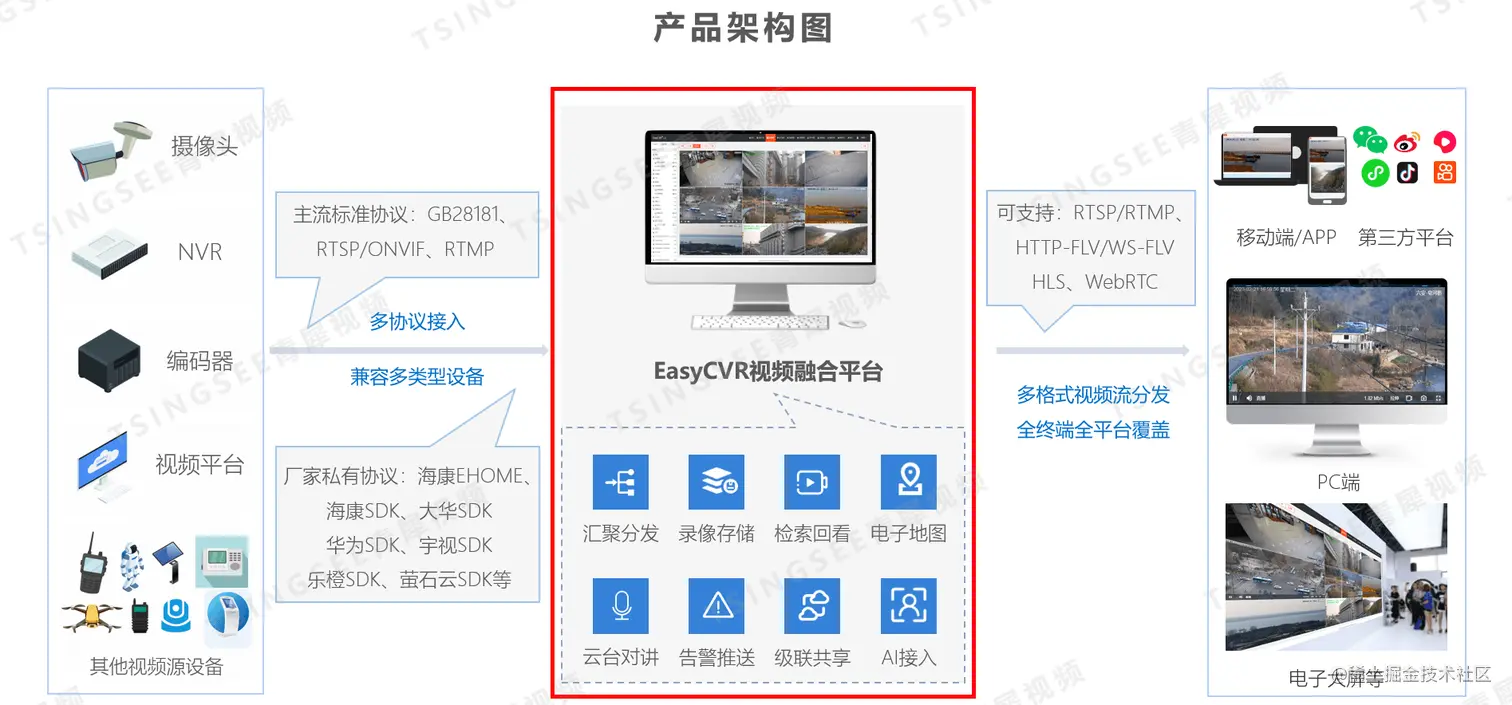 TSINGSEE青犀视频监控管理平台EasyCVR能在复杂的网络环境中,将分散的各类视频资源进行统一汇聚、整合、集中管理,实现视频资源的鉴权管理、按需调阅、全网分发、智能分析等,平台融合性强、开放度高、部署轻快,在智慧工地、智慧园区、智慧工厂、智慧码头、智慧水利等场景中有着广泛的应用前景。感兴趣的用户可以前往演示平台进行体验或部署测试。
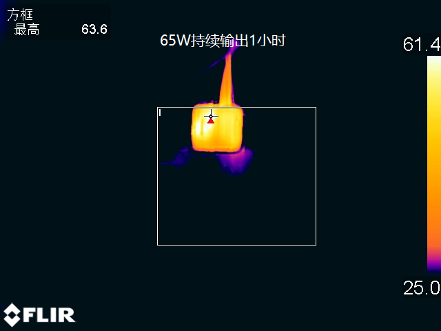 最后還對充電器的溫控方面進行了測試,測試在25℃的恒溫箱內進行,測試條件為以20V3.25A 65W的功率持續滿載輸出1小時后使用熱成像儀對充電器表面的溫度進行采集。
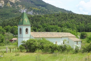 Église du (XIIIe et XVIIe siècle), peinte en vert castellane (tiré d'une argile locale). Également placée sous le patronage de Sainte Anne.
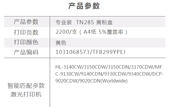 商品名称:天威 BROTHER-TN285-黄粉盒 专业装 适用于兄弟HL-3140CW/3150CDW/3150CDN MFC-9130CW/9140CDN/
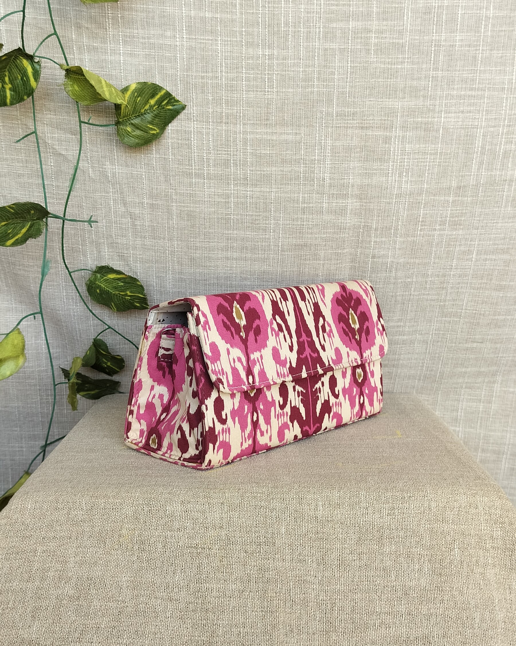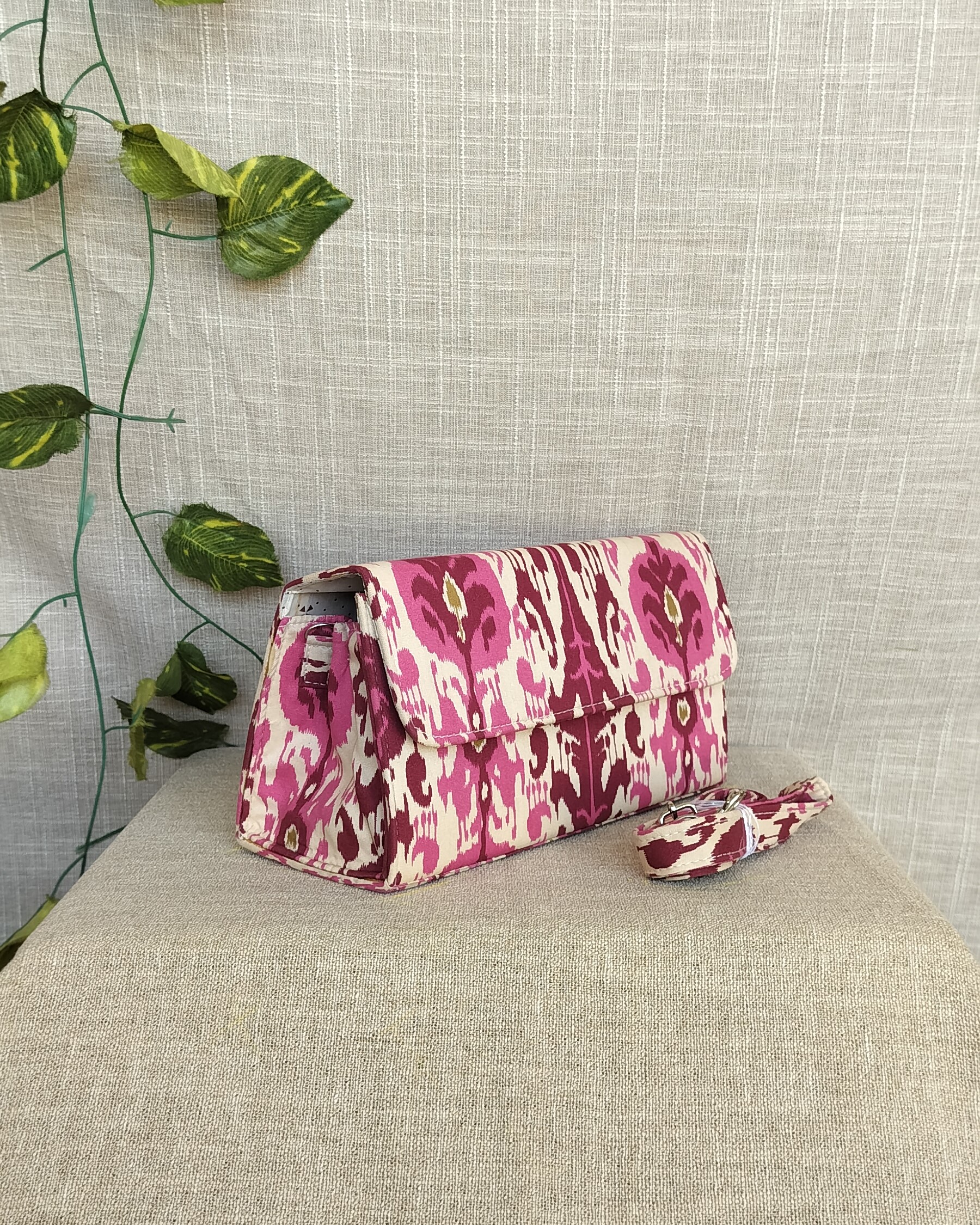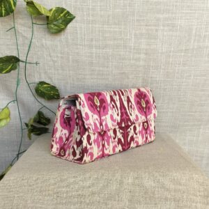 Expertly crafted and washable, our Pink Tea Tree Box Sling Bags are truly one-of-a-kind. Made from upcycled materials, these sustainable bags are not only stylish but also environmentally friendly. Perfect for the eco-conscious fashion lover.

## [Work to be completed]
Reproduce, unchanged, each line between the one with "商品名称:天威 BROTHER-TN285-黄粉盒 专业装" and the last line of the material, both included; the pictures do not go in.

## [Task answer]
 商品名称:天威 BROTHER-TN285-黄粉盒 专业装 适用于兄弟HL-3140CW/3150CDW/3150CDN MFC-9130CW/9140CDN/
 Expertly crafted and washable, our Pink Tea Tree Box Sling Bags are truly one-of-a-kind. Made from upcycled materials, these sustainable bags are not only stylish but also environmentally friendly. Perfect for the eco-conscious fashion lover.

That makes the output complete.